(EXERCISE AIM) Please give the lines below again exactly as they stand, from the one that contains "四川省泸州市叙永第一中学校高2022级高三上学期开学考试生物" up to and including the one that contains "Black trousers from", leaving all pictures out.

(SOURCE MATERIAL)
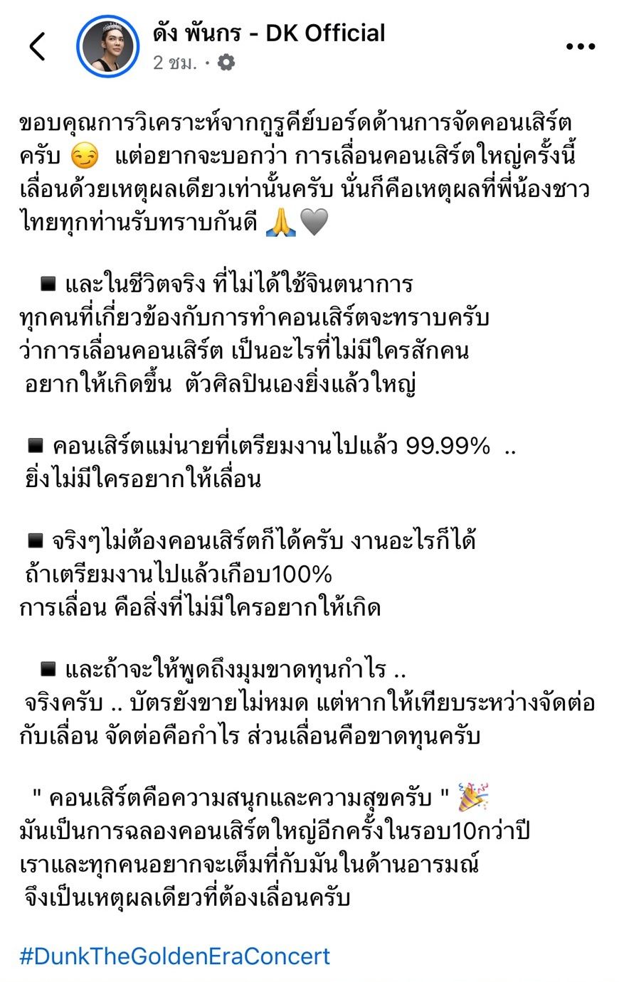 "คอนเสิร์ตคือความสนุกและความสุขครับ" มันเป็นการฉลองคอนเสิร์ตใหญ่อีกครั้งในรอบ 10 กว่าปี เราและทุกคนอยากจะเต็มที่กับมันในด้านอารมณ์ จึงเป็นเหตุผลเดียวที่ต้องเลื่อนครับ #DunkTheGoldenEraConcert"
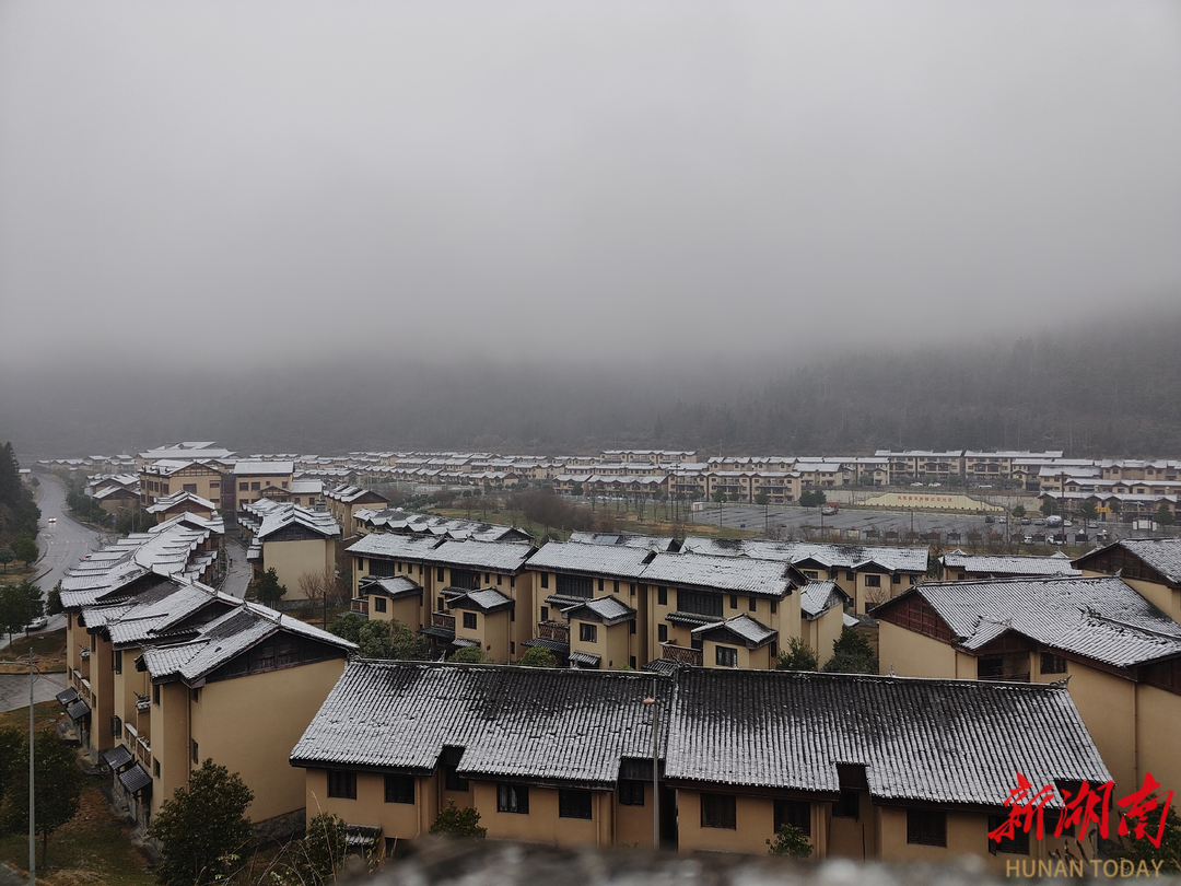 一场跨年初雪伴随着2026年的脚步如约而至,为湘西土家族苗族自治州凤凰县禾库镇安置区披上一袭圣洁银装。
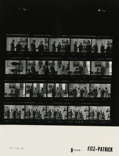 | Keywords: Ford B0643 NLGRF photo contact sheet (1976-07-13)(Gerald Ford Library).jpg White House Photographic Office WHPO is housed at the Gerald R Ford Presidential Library a branch of the National Archives and Records Administration NARA <br/><br/> This file is a 200 dpi photo contact sheet having images from roll of film B0643 of the August 9 1974 - January 20 1977 Gerald R Ford White House Photographic Office Series A0001-A9999 and B0001-B2886 photographs <br/><br/> The date on the photo contact sheet is the date the roll of film was processed not necessarily the date the photographs were taken See table below for additional details 1976-07-13 Gerald R Ford Presidential Library Image http //www fordlibrarymuseum gov/library/whphotos/B0643_NLGRF jpg B0643_NLGRF jpg from http //www fordlibrarymuseum gov/library/whphotos/19760713whpo pdf White House Photographs July 13 1976 of the http //www fordlibrarymuseum gov/Library/whphotos/whpo asp White House Photographic Collection page White House Photographic Office WHPO - Fitz-Patrick PD-USGov Institution Institution Gerald R Ford Presidential Library Table wikitable sortable + Photo contact sheet B0643 U S President Ford Administration Gerald R Ford Library Frame s Tone Subject proper Subject generic Names Geographic Location Photographer Date - 3-4 BW Former Congressman from Wyoming and Grandson of Former President William Henry Harrison greeting handshaking standing talking GRF William Henry Harrison III Oval Office Fitz-Patrick 1976-07-13 - 5-7 BW Former Congressman from Wyoming and Grandson of Former President William Henry Harrison; Great-Grandson of Former President William Henry Harrison; White House Curator greeting handshaking standing talking GRF William Henry Harrison III; William Henry Harrison IV Clement Conger Oval Office Fitz-Patrick 1976-07-13 - 8 BW Former Congressman from Wyoming and Grandson of Former President William Henry Harrison standing talking GRF William Henry Harrison III Oval Office Fitz-Patrick 1976-07-13 - 9-10 BW Presentation of Frederic Remington bronze sculpture The Bronco Buster standing talking; Conger in 1st frame only GRF Virginia Hatfield Louise Hatfield; Clement Conger Oval Office Fitz-Patrick 1976-07-13 - 11-13 BW Presentation of Frederic Remington bronze sculpture The Bronco Buster standing talking posing near sculpture GRF Virginia Hatfield Louise Hatfield Oval Office Fitz-Patrick 1976-07-13 - 14-15 BW Presentation of Frederic Remington bronze sculpture The Bronco Buster standing talking near desk GRF Virginia Hatfield Louise Hatfield Oval Office Fitz-Patrick 1976-07-13 - 16-17 BW Farewell Visit by Departing Special Assistant for Human Resources; Wife and Son standing talking GRF Ted Marrs Anette Marrs James W Marrs Oval Office Fitz-Patrick 1976-07-13 - 18-22 BW Farewell Visit by Departing Special Assistant for Human Resources; Wife and Son; Secretary to Marrs; Director Office of Public Liaison standing talking GRF Ted Marrs Anette Marrs James W Marrs; Velma Shelton; Baroody Oval Office Fitz-Patrick 1976-07-13 Gerald R Ford Presidential Library and Museum-cooperation PD-USGov Contact sheets by the Ford White House July 1976 |
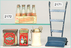 Kaufladenzubehör, Bierkrug mit Deckel, 1 Keksdose, Blech, Papier beklebt, 1 x Kakaodose, Blech lithogr., dazu 1 Flaschenhalter
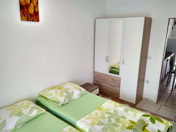 Apartamenty doskonałe, bardzo zadbane i dobrze wyposażone. Właściciele są bardzo mili, gościnni i pomocni. Do dyspozycji leżaki i parasol plażowy. Z jednej strony apartamentu taras a z drugiej balkon (wybierasz sam czy poranna kawa na słońcu czy w cieniu) obydwa z pięknym widokiem na morze i góry. Okolica wszędzie blisko: sklep, resteuracja, piekarnia i lody. Do dyspozycji grill. My jesteśmy bardzo zadowoleni z wakacji. Polecam!
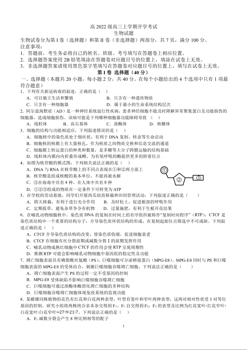 四川省泸州市叙永第一中学校高2022级高三上学期开学考试生物
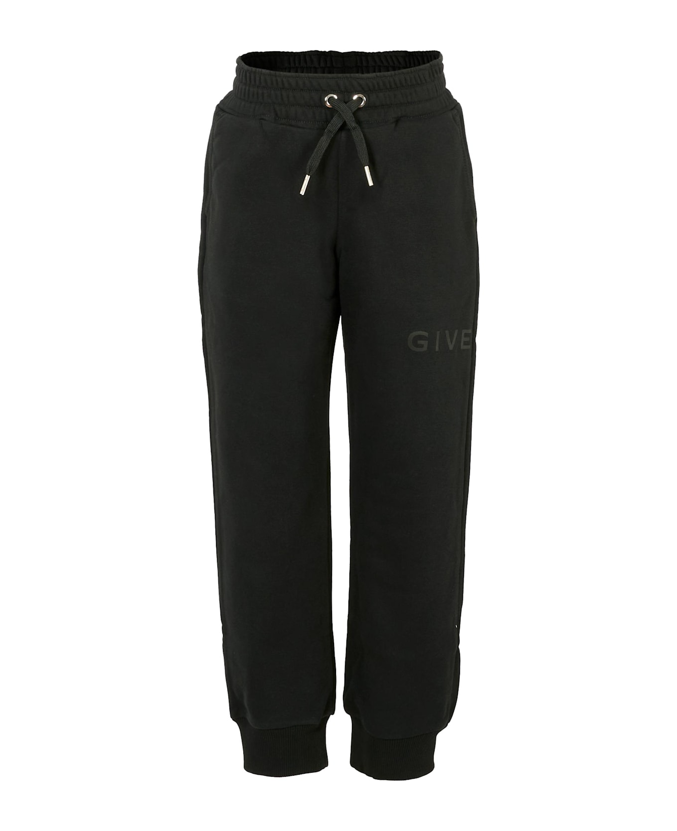 Black trousers from the luxury brand Givenchy Kids, made of gauzed cotton blend. They feature an elasticated waist, drawstring, side pockets, a back pocket and ribbed ankles. They are embellished with logo around one leg.
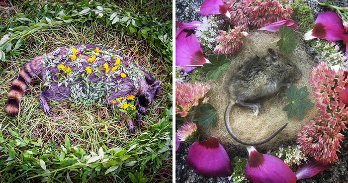 Since Amanda adores and respects our Mother Nature so much, she created this little tradition for herself to make a memorial for each dead animal she happens across. The woman adorns the body of the animal in flowers and photographs it as a way of honoring its life. She’s already made quite a few of these and they’re all absolutely beautiful yet utterly heartbreaking.
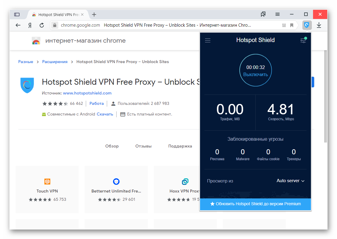 Еще один известный инструмент для обхода блокировок, созданный компанией Anchor Free. Помимо собственно расширения для Chrome, существуют версии продукта для iOS, Android, Windows Phone, OS X и Windows. Как и в случае ZenMate сервисом можно пользоваться как бесплатно, так и купить расширенную версию (цена стартует с $5,99).
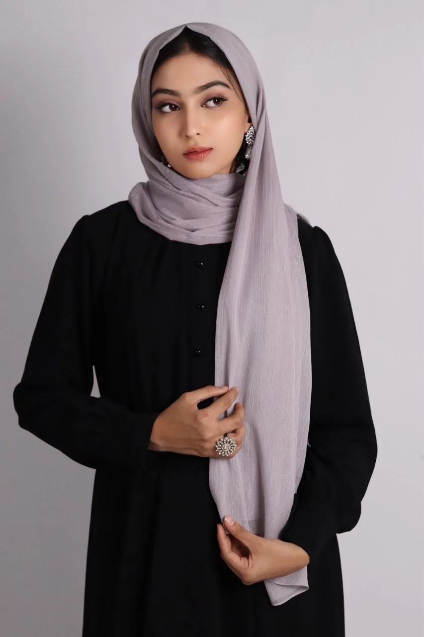 Shine bright like a diamond – with our all-new exclusive shimmer chiffon hijab collection! Every hijab is crafted out of light chiffon fabric imbued with silver shimmer threads, to give it a touch of glam. The subtle hint of shimmer gives it a classy sheen and makes it perfect for wedding wear, or special occasions. Ditch the drab hijabs, and choose something extraordinary, that makes you feel special in every right, with our Shimmer Chiffon hijabs. Light, airy, and shimmery, it’s got all the ingredients for a masterpiece!
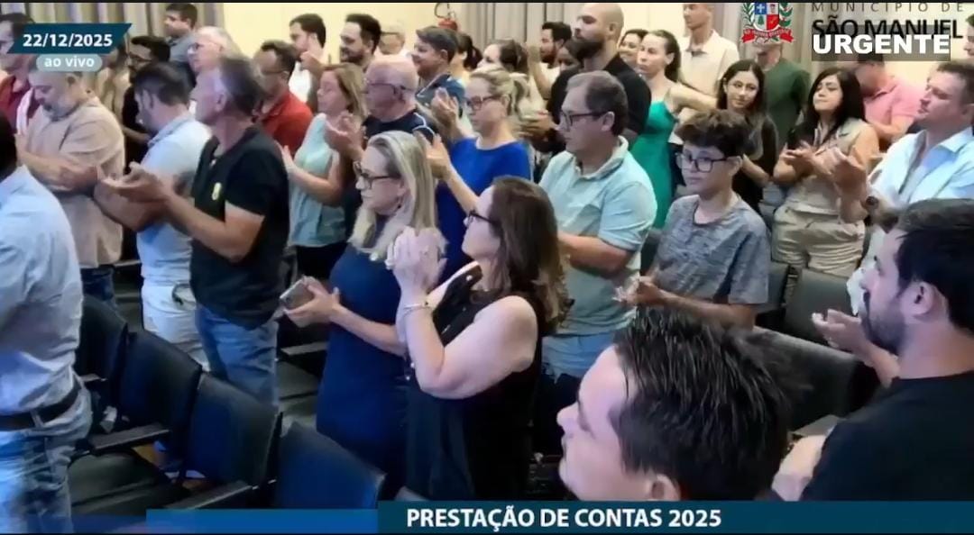 Ao final do pronunciamento, o prefeito foi aplaudido de pé pelos presentes, encerrando a prestação de contas em clima de reconhecimento e apoio ao trabalho realizado pela atual gestão.

(ANSWER)
 四川省泸州市叙永第一中学校高2022级高三上学期开学考试生物
 Black trousers from the luxury brand Givenchy Kids, made of gauzed cotton blend. They feature an elasticated waist, drawstring, side pockets, a back pocket and ribbed ankles. They are embellished with logo around one leg.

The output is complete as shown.